In gesprek met Kamerleden over jongeren in 2019  

Datum

4 december 2019

In gesprek met Kamerleden over jongeren in 2019  

Opgroeien met een chronische aandoening is complex. Dit vertelde voorzitter van het Jongerenpanel Zorg én Perspectief Femke van Zoggel aan de Kamerleden van de VVD, ChristenUnie, GroenLinks en PvdA tijdens het rondetafelgesprek over de kansen en belemmeringen van jongeren in 2019 in de Tweede Kamer op 2 december. Naar aanleiding van het rapport ‘Hoge Verwachtingen’ van het SER Jongerenplatform gingen verschillende jongeren van het SER Jongerenplatform, ISO, CNV Jongeren, JOB, Plattelandsjongeren en het Jongerenpanel in gesprek over wat de politiek kan doen om het verschil te maken voor de huidige generatie.

Femke liet de Kamerleden weten dat het Jongerenpanel zich herkent in de uitdagingen voor jongeren uit het SER-rapport.

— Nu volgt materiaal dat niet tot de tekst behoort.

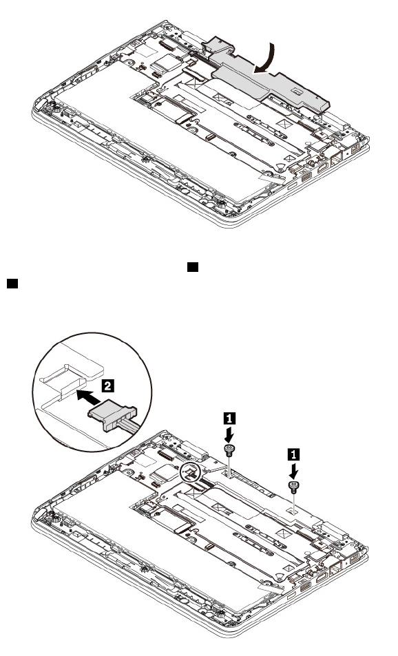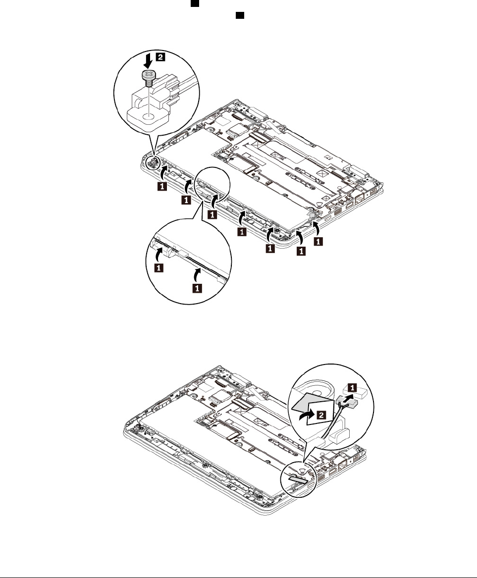 8. Install the screws to secure the speaker assembly 1. Attach the connector of the new speaker assembly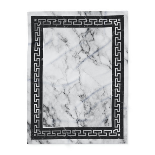 Greek Key White Black Marbleized Arctic Fleece Blanket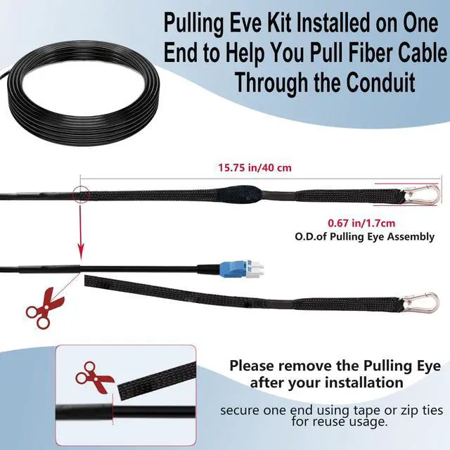 • Pulling Eye Pre-Terminated OS2 Fiber cables--- with swivel pulling eye kit installed on one end to eliminate cable damage during installation to help you pull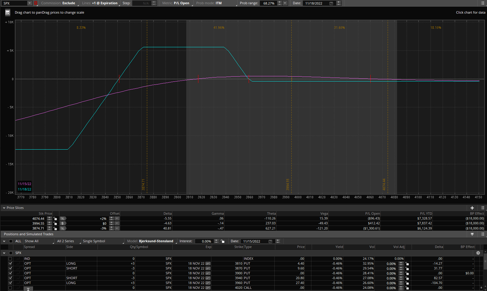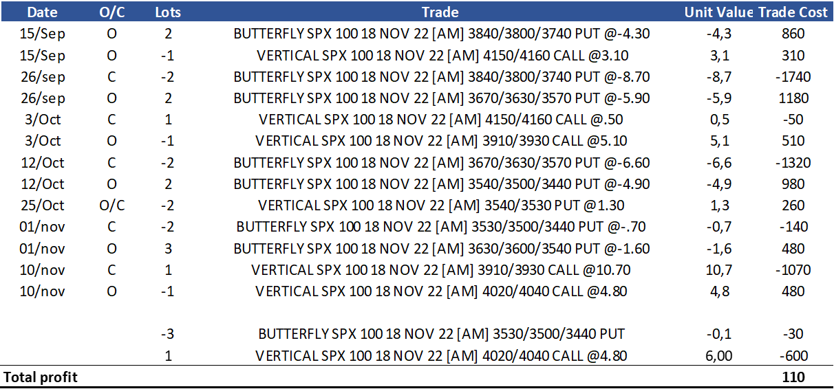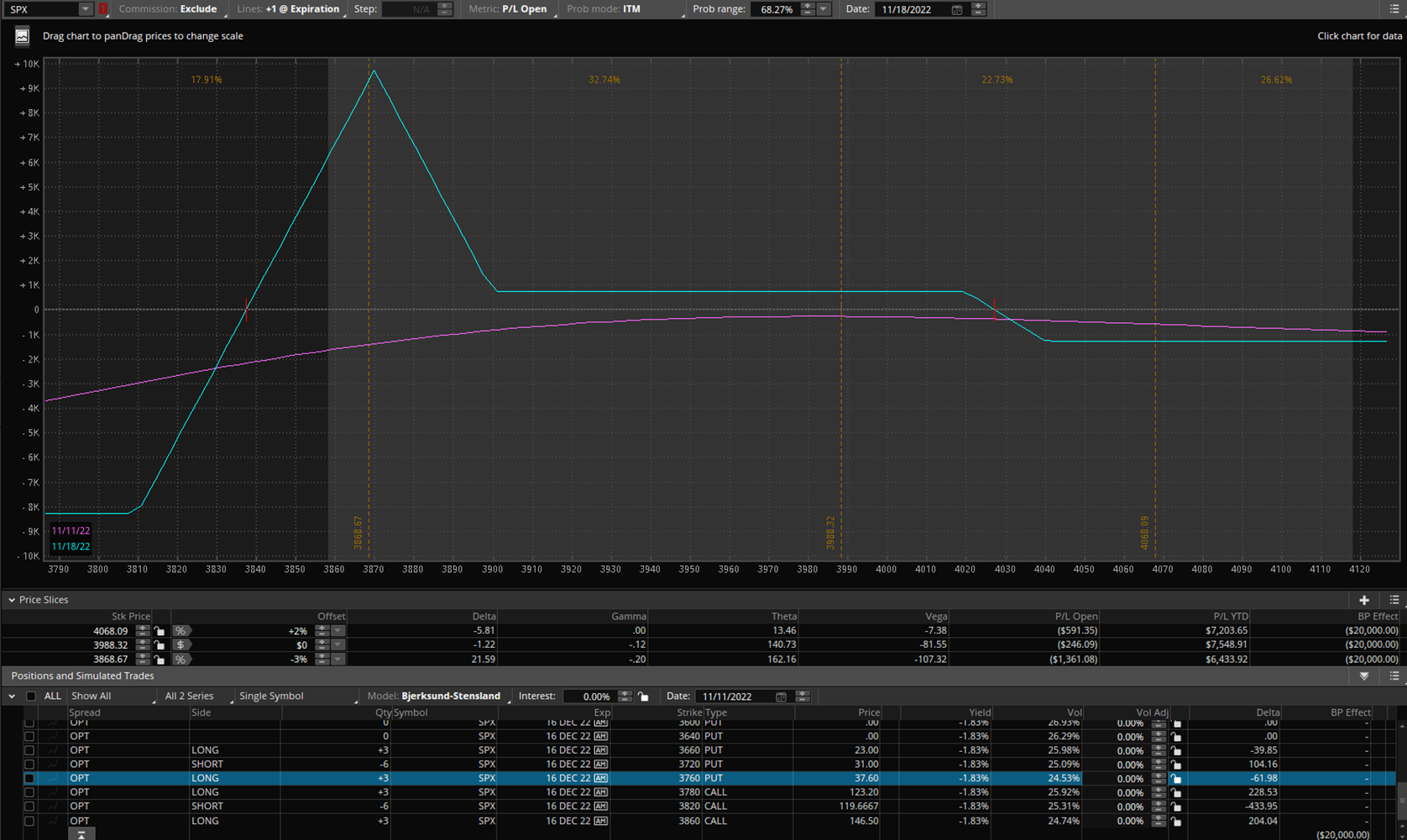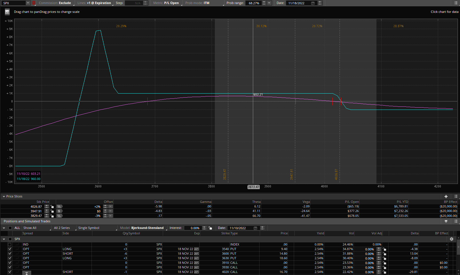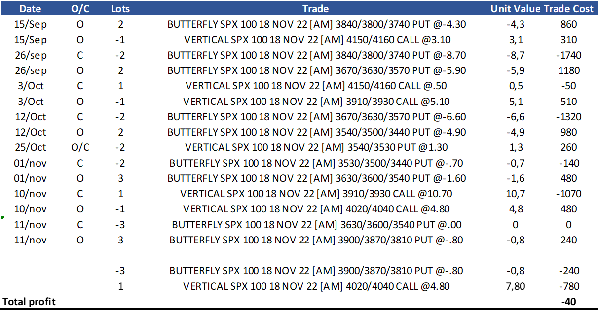 Again, today is a positive day for SPX. I decided to move the butterfly structure up to capture a bit more premium and increase Theta. Next week is the expiration week of the Nov options and Theta will increase a lot. And if the SPX price continues above the butterfly structure it will protect in case of a selloff. Meanwhile, the 4000 level is not yet broken. We should monitor closely this trade and capture nice profits from Theta, mainly.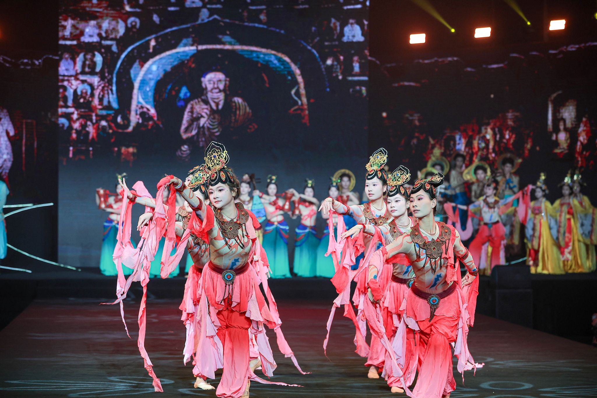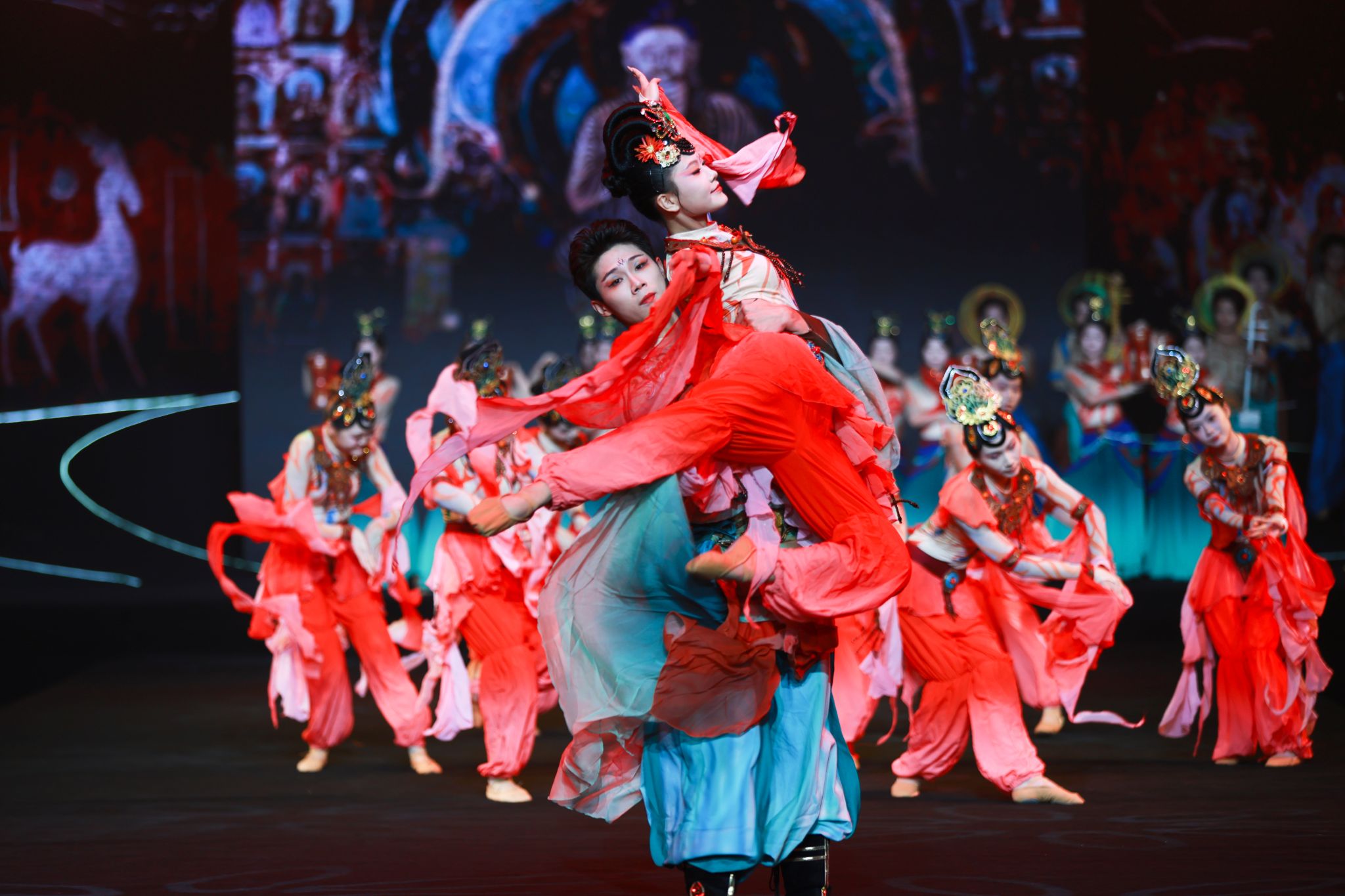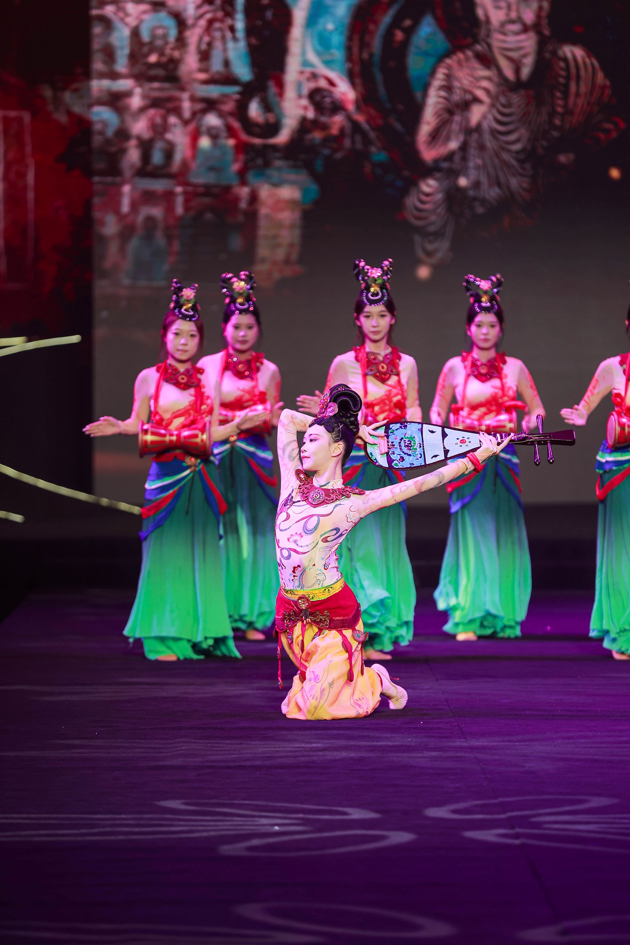 一曲穿越时空的旋律,邀您共赴一场跨越千年的艺术盛宴。感受历史的厚重与文化的韵味。舞者们以富于韵律的肢体语言,生动演绎了古丝绸之路上不同文明的交流与碰撞,再现了那段驼铃悠扬、商旅不绝的辉煌历史,象征着中华服饰文化在交流互鉴中不断丰富的开放品格。
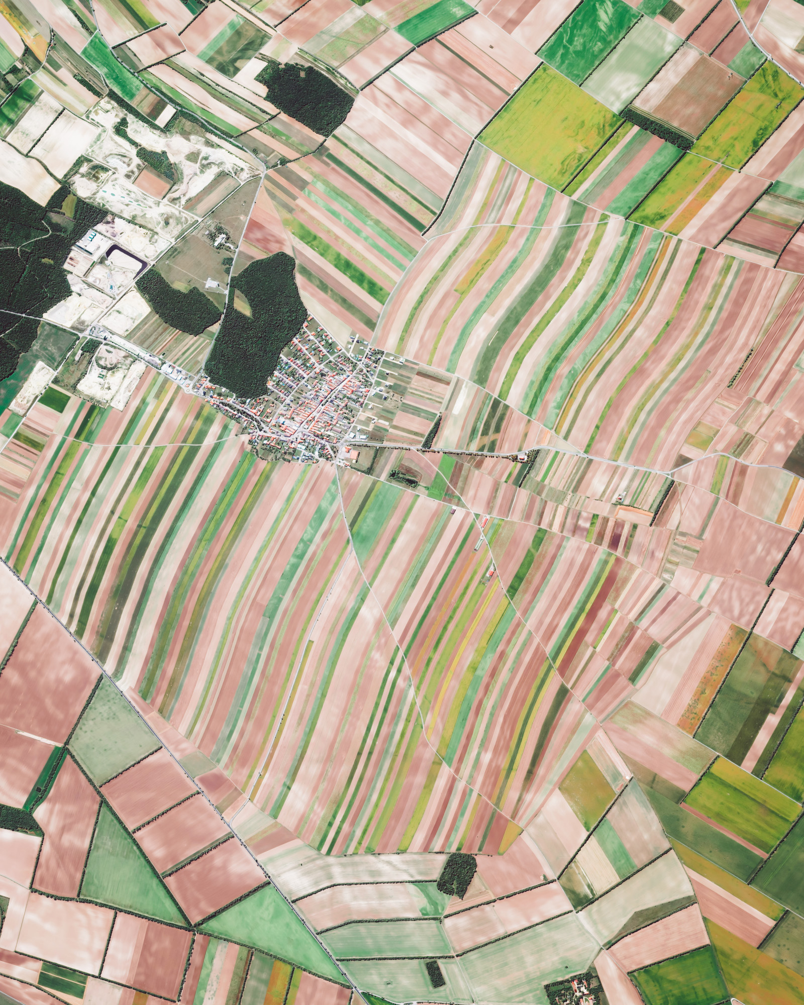 Colorful fields surround Rauchenwarth, a small municipality in eastern Austria. Located roughly 10.5 miles (17 km) outside of Vienna, Rauchenwarth has a population of about 700 people. Cold, wet winters and hot, dry summers make this region ideal for growing corn, wheat, barley, rye, sugar beets, sunflowers, and soybeans.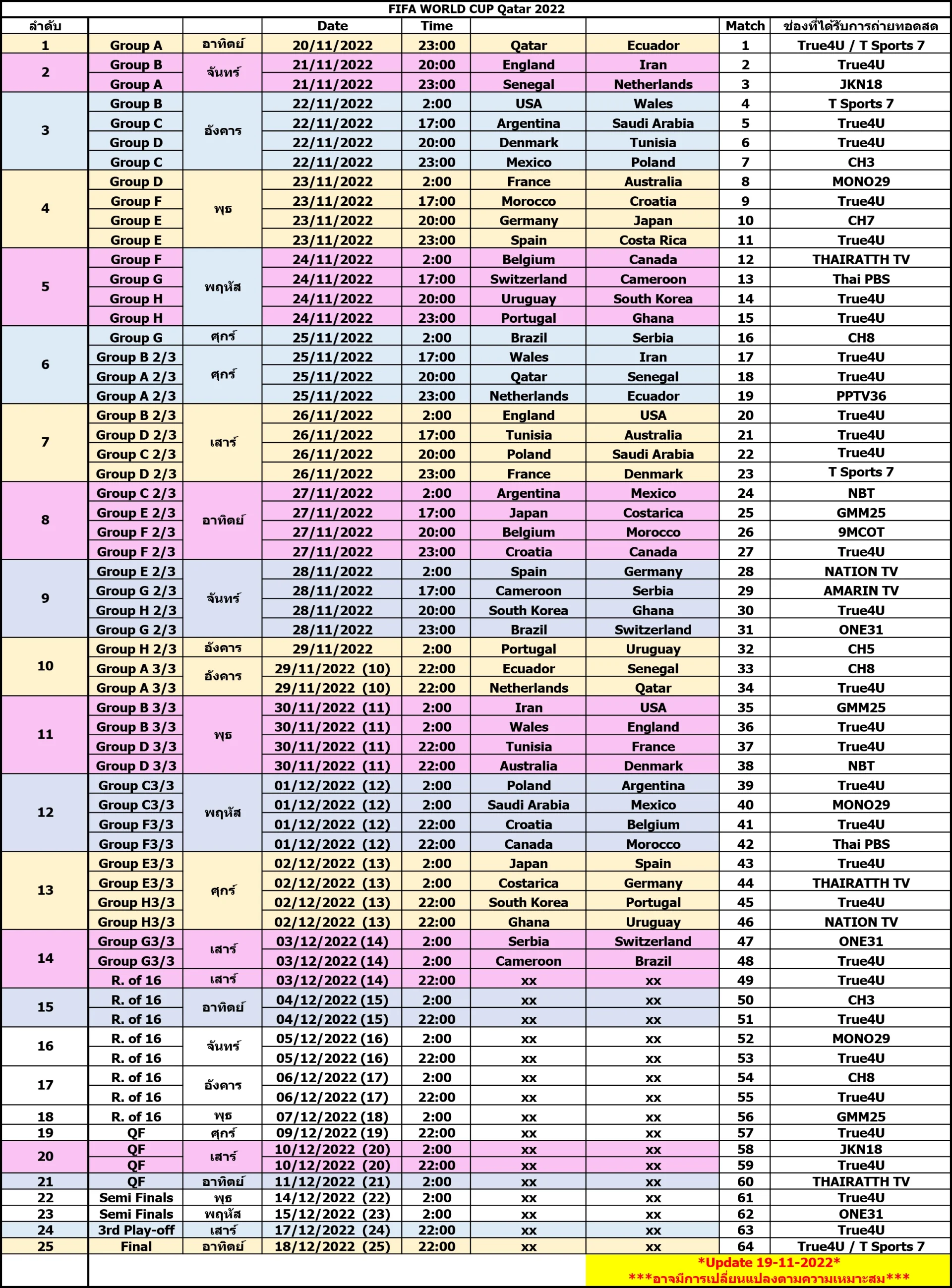 หลังประเทศไทยบรรลุผลเจรจาซื้อลิขสิทธิ์ถ่ายทอดสดฟุตบอลโลก 2022 รอบสุดท้าย ที่ประเทศกาตาร์ ระหว่างวันที่ 20 พฤศจิกายน - 18 ธันวาคม 2565 กับเอเยนต์ของสหพันธ์ฟุตบอลนานาชาติ วงเงิน 33 ล้านเหรียญสหรัฐ หรือประมาณ 1,200 ล้านบาท เมื่อวันที่ 17 พฤศจิกายน 2565 ซึ่งถ้ารวมค่าใช้จ่ายภาษี ยอดรวมจะอยู่ที่ประมาณ 1,400 ล้านบาท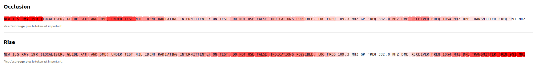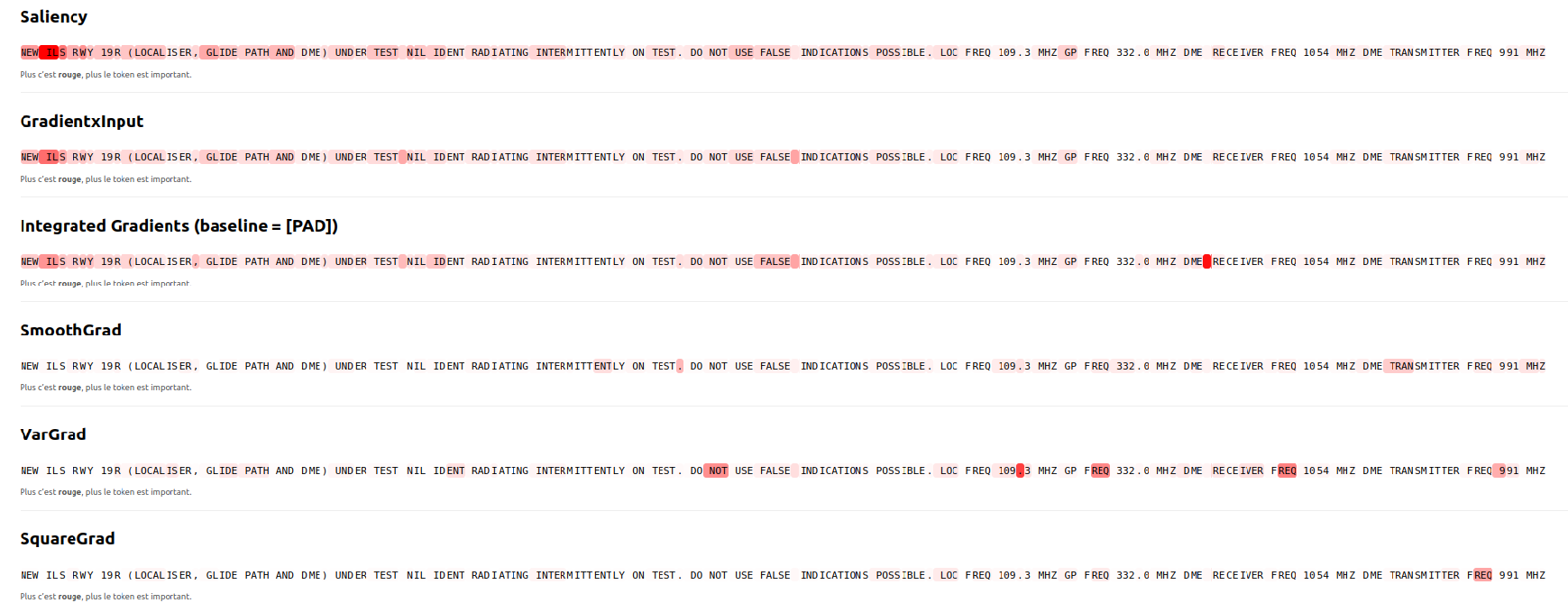 En NLP, IG est appliqué dans l’espace des embeddings : si $e(x) \in \mathbb{R}^d$ est l’entrée réelle du réseau (embeddings de tokens concaténés), on interpole $e’ + \alpha(e - e’)$ et on différencie $f$ par rapport aux composantes de l’embedding. La baseline $e’$ est souvent le vecteur zéro, un token [PAD], ou un embedding neutre.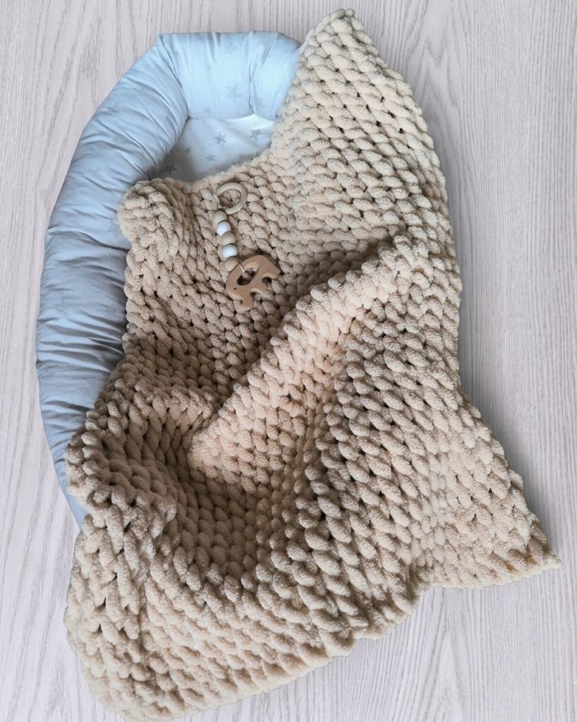 Rankomis megztas vaikiškas pledukas, smėlio spalvos 60 × 70 cm
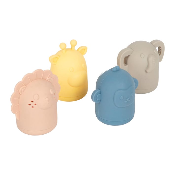 - 4 играчки за баня, изработени от мек, BPA-free силикон: лъв, слон, жираф и маймунка.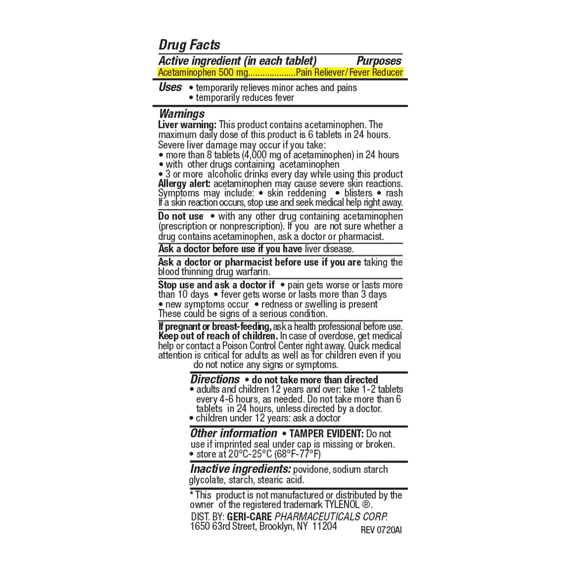 - Compare to active ingredient in Tylenol® Extra Strength – a registered trademark of Kenvue.

Hoewel er veel kansen zijn voor jongeren, wordt de weg naar zelfstandigheid steeds meer een hindernisbaan. Voor jongeren met een chronische aandoening geldt dit nog sterker: zij moeten het volwassen worden ook nog combineren met een chronische aandoening.

Een voorbeeld hiervan is de kansen van jongeren op de arbeidsmarkt. Het is niet alleen moeilijk om aan werk te komen, het is ook lastig om duurzaam aan het werk te blijven. Waar 90,9% van de gezonde jongeren tussen 25 en 35 jaar werkt, is dat maar 51,9% van jongeren met een arbeidsbeperking. ‘Onlangs is zelfs gebleken dat de inkomenspositie en kans op een vast contract voor jongeren is verslechterd sinds de introductie van de Participatiewet. Geen hoopvolle cijfers’, aldus Femke. Naar aanleiding van de vragen van Kamerlid Gijs van Dijk van de PvdA laat Femke weten dat zij ook oplossingen ziet: ‘Jongeren moeten beter begeleid worden van onderwijs naar werk. Wie zien dat de Transitieroute of een jobcoach hier echt het verschil kan maken.’

Ten slotte deed Femke nog een oproep aan de Kamerleden: ‘Toets niet alleen hoe beleid invloed heeft op de jongerengeneratie, blijf ook vooral met jongeren zelf in gesprek. Zij kunnen u als geen ander vertellen waar zij tegenaan lopen én waar zij kansen zien.’